CLEARWATER — Dr. Trinette Moss runs her family practice a little differently than most physicians.
Instead of taking insurance, she prefers cash, check or credit card.
Billing at her office works like this: Patients between 18 and 49 years old pay $60 a month. The fee covers unlimited office visits, urgent care services and an annual physical. It costs $15 a month to add a child.
Moss says the model, known as direct primary care, makes financial sense. She doesn't have to hire anyone to file and track insurance claims. And she collects enough in monthly fees to keep her practice small.
"You know your patients better," she said. "You have more time to spend with them."
Moss isn't the only physician who likes the concept. Since Congress passed the Affordable Care Act in 2010, the number of practices like hers has jumped from about 20 to more than 400 nationwide, according to the Direct Primary Care Coalition.
The number could soon grow in Florida.
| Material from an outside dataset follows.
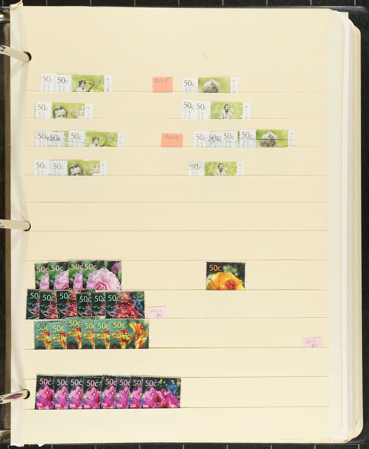 Extensive used accumulation of regular issues circa 1996 into the 2010's on over 100 manila stockpages and packed into three binders. Coverage is strong in some areas and thinner in others, not unusual give the drop in mail that accelerated in the new Millennium. There are up to a dozen of a type, including lots of sets (with many of the higher values paying overseas rates). Better singles include $10 Kakadu (#1535) and Devil’s Marbles (#1846), plus the $20 Uluru (a dozen copies of #1982). A few thousand stamps are neatly organized and identified. Mid-value stamps from this era often catalogue $2-$4. per stamp, which will lead to a massive total catalogue value. Holdings this modern are not seen very often. No souvenir sheets. Estimate =

Lawmakers are considering a proposal (HB 37/SB 132) that would ensure direct primary-care providers don't run afoul of state insurance laws, paving the way for more doctors to contract directly with patients.
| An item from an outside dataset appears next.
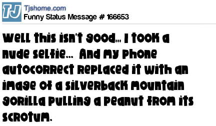 X says Well this isn't good,,, I took a nude selfie...  And my phone autocorrect replaced it with an image of a silverback mountain gorilla pulling a peanut from its scrotum.
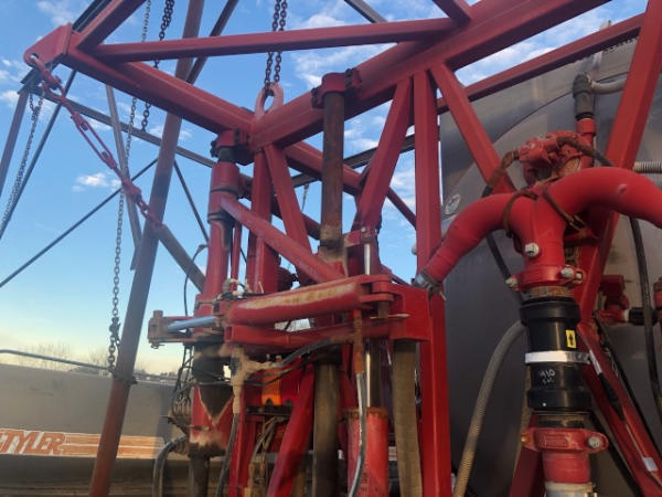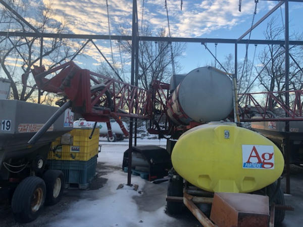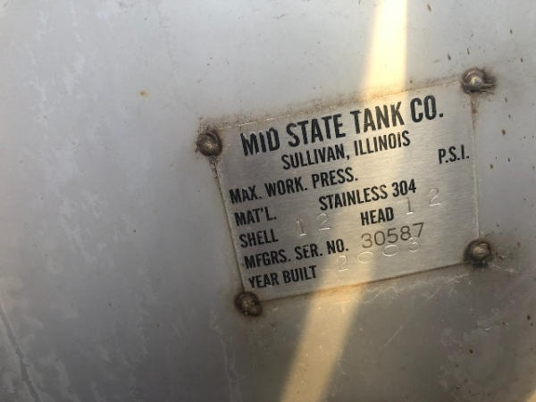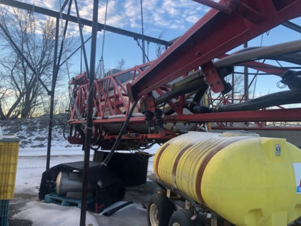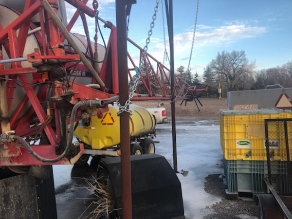 2003 Case Liquid System (NP1419), stainless steel liquid tank, top mount poly rinse tank.

"This is a cost-efficient way for physicians to deliver care, and it's affordable for patients," said Tim Stapleton of the statewide doctors association, which supports the bill.
The concept of direct primary care isn't unique. It bears some similarities to concierge medicine, which also requires patients to pay a monthly fee.
There are some key differences. Among them: Concierge practices typically offer a more robust menu of services, including home visits and immediate access to the doctor via telephone or text. They are also more expensive. One practice in St. Petersburg charges patients between $2,500 and $5,000 annually.
"Direct primary care is meant to be accessible to everyday people," said Jay Keese, executive director of the Direct Primary Care Coalition, an industry group.
Although the model has been around for nearly two decades, it didn't really enter the mainstream until the Affordable Care Act included it as an acceptable form of health coverage — if paired with a catastrophic plan.
Moss first read about it two years ago in a medical journal. She had long wanted to open a family practice, but feared she would have to see more than 3,000 patients to be financially solvent.
When she read the article, something clicked: If she went the direct primary-care route, the monthly fee from about 750 patients would be enough to cover rent, malpractice insurance, the salary for one office assistant and her own salary.
What's more, she wouldn't have to worry about fighting with insurance companies, which sometimes deny claims or delay payments several months.
"This seemed like a way to make it work," she said.
Last year, Moss left her job at an outpatient clinic in St. Petersburg associated with the BayCare hospital network and opened her own small office in Clearwater.
Most of the patients who followed her to the new practice were receptive to the idea of paying directly, she said, though she allows a handful to continue using insurance.
She hopes they will all be on board in the future.
One of Moss' longtime patients, 53-year-old Kathy Cress, already takes full advantage of the new system. She is working to lower her blood pressure and cholesterol, and drives from Seminole for monthly office visits.
Her most recent visit lasted an hour, and included a checkup as well as discussion of several health-related articles Cress had read in Bloomberg Businessweek and Self. She also asked Moss to review her food and exercise log.
"I definitely couldn't do this at a regular doctor's office," Cress said, recalling rushed visits when Moss worked at the outpatient center.
That individualized approach can make for a busy practice. Moss sometimes has to work nights and weekends to accommodate patients. She makes the occasional home visit, too.
Dr. Eric Crall, a direct primary-care doctor in Lutz, says the dynamic is different when physicians are hired by their patients.
"You get patients who are much more engaged in their care," he said. "They are paying you a monthly membership fee. They think they might as well take advantage of it."
Crall sees another advantage: It provides an alternative for small businesses that can't afford to provide traditional health insurance benefits to their employees.
In recent months, direct primary care has caught the attention of state lawmakers, who see it as a way to improve access to health care and drive down costs. The Legislature is currently considering a bill seeking to clarify that a direct primary-care agreement does not constitute insurance — and thus is not subject to state insurance regulations.
"There's a doctor in my area who is doing this and is concerned state insurance regulators are going to say it isn't legal," said Rep. Fred Costello, the Ormond Beach Republican sponsoring the bill in the House.
The proposal has bipartisan support with virtually no opposition. House Democrats did make one tweak: They added language pointing out that direct primary care alone won't satisfy Obamacare's individual mandate.
When asked about the bill, Audrey Brown, president of the Florida Association of Health Plans, said her group "always supports increased access to primary care." She added a similar caveat: "It is important to note that this product does not constitute health insurance."
Moss plans to follow the debate in Tallahassee as best she can. But between flu season and her efforts to recruit more patients — she now has about 500 — she'll likely be busy in Clearwater.
She is hopeful lawmakers will see the value of direct primary care.
"It just seems like this is the right thing to do," she said on a recent afternoon, while scrolling through text messages from a patient. "You can help everyone from waitresses making minimum wage to executives, and be more accessible to them all."